A Christian Sense of Humor
Did you hear about the so-called Christian group that's protesting the upcoming video game "Dante's Inferno"? Claiming they were from a church in Ventura County, California, about 20 members of S.A.V.E.D. (an acronym for "Salvationists Against Virtual and Eternal Damnation") handed out pamphlets outside of the Los Angeles Convention Center during the Electronic Entertainment Expo last month and held picket signs that read, "Hell is not a game" and "Trade in your PlayStation for a PrayStation." The group also posted a website and YouTube videos.
I should tell you right now: The whole thing is a publicity stunt for the video game company Electronic Arts. Yet two reputable newspapers, the Los Angeles Times and the San Jose Mercury-News, initially reported this "protest" as actual, factual news. Online posts and blogs on the topic indicate a number of folks are taking it seriously. Regardless of whether they're in on the joke or not, many are offering the same comment: "Can't Christians take a joke?"

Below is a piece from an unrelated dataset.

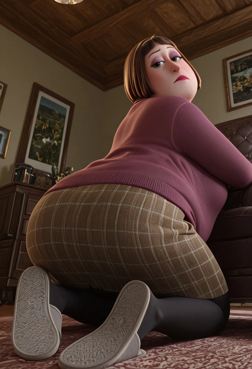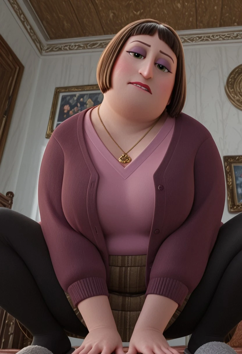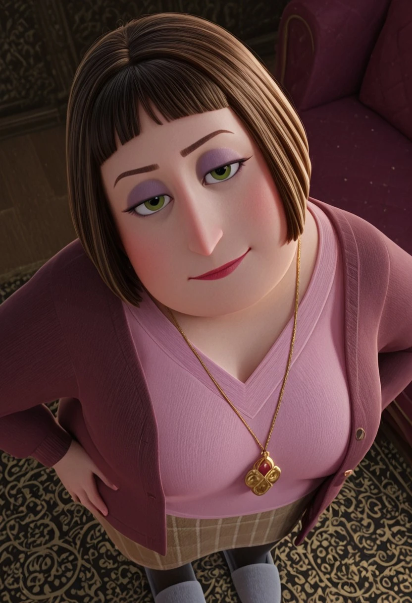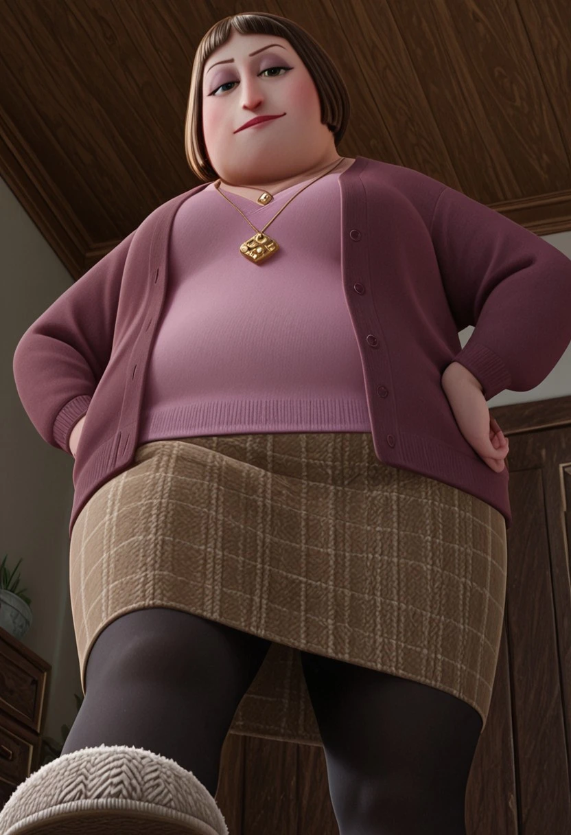 mrs_trapper_cozy, 1girl, mature, lady, plump, chubby, fat, brown hair, short bob, green eyes, pointy nose, makeup, purple eyeshadow, pink cheeks, red lipstick, gold pendant, pink shirt, purple linen cardigan, cream checkered skirt, black tights, grey slippers,

Once again, Christianity's been portrayed as laughable. Most Christians will get an earful of jokes, pokes, and even some outright insults in our lives. When this happens, should we laugh it off, express our hurt, or get angry?

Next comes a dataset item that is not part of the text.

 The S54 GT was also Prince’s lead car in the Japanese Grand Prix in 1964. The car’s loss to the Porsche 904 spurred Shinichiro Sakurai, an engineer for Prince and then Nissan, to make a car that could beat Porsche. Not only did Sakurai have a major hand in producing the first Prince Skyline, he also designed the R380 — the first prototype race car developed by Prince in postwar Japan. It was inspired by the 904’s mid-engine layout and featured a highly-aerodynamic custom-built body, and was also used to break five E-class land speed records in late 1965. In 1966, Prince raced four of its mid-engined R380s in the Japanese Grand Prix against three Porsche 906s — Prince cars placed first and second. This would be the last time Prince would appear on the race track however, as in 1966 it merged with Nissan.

I think different slights call for different responses. Generally, we should respond with our honest reaction. If we think a joke about Christians or the church is funny, we should laugh about it. In my opinion, there are some hilarious jokes about Christians. (One website I enjoy is Stuff Christians Like; I'm told the blogger is a Christian.)
But we shouldn't limit these positive responses only to other Christians. I've heard atheists slam bad behavior by Christians, and I had to nod and agree they were right. Such snubs are actually helpful: I receive insight into how others view the church, and I'm able to surprise them by admitting Christians aren't perfect - individually and collectively, Christians do some loony things.
But if we're hurt by a statement, we should say this and explain the reason - namely, that our faith is important to us. Others can understand your emotional state if you explain by using examples to which they'll relate. For example, tell the one who's offended you, "When you insult my faith, it's like if I insulted your spouse or your parents; I love God just as strongly as you love your family. I know you may not understand why I love God, but as my friend who cares about my feelings, I need you to acknowledge the depth of my relationship with God."
There's a big difference between jabs at Christians, and insults about God, Jesus, or the Holy Spirit. Such statements are unacceptable: This is where we need to draw the line and diplomatically express our anger. It's a matter of standing up for our God. We need to correct any lies or misconceptions about God's character, and warn the offending friend that the most high God won't tolerate those insults forever. Any actions we take - such as disconnecting from the friendship if the insults toward God continue - are done so that we're not associated with the blasphemy.
The one thing we must avoid is holding our tongues. If we're silent when someone speaks ill, it might cause them to think the insults are appropriate and acceptable - that we don't really care about our faith. So whether it's acknowledging, "Yeah, Christians can do some awful stuff sometimes. I hope you don't think the misguided actions of some Christians represent God's character"; or pressing, "You know I'm a Christian - do you feel that way about me?"; or being blunt, "What you said is completely inappropriate. (Or intolerant. Or crass.) Why would you say something like that?" - speaking up shows others that our relationship with God is important to us.
I have mixed feelings about the Electronic Arts publicity stunt. Portraying Christians as people who sometimes protest in corny ways isn't inaccurate. The fact that this publicity stunt worked should cause us all to evaluate, Are there ways I'm fulfilling the stereotype that Christians are hypersensitive hotheads?
But I'm not about to laugh this one off, either. I'm troubled by the flippant use of images of Jesus and of the cross to hawk a video game. I'm still chewing on how I might express my disapproval to the company. In the meantime, I'll offer this comment posted on the Los Angeles Times website by "Thom Olson," which is a great example of what I've discussed here:
"I am disappointed that EA is all right with usurping the voice of religious people to promote a game. Past viral/guerilla marketing campaigns have been more clearly divorced from reality, and I think this crosses a line. If EA had ‘protesters' who were of an ethnic group out there with literature and costuming that made them look foolish, I think the inappropriateness of this campaign would be more clear. In a world suffering because business seems to feel that the ends justify the means, I hope we see the return of basic ethics to business soon."
When others make jokes or insult Christianity, how do you respond?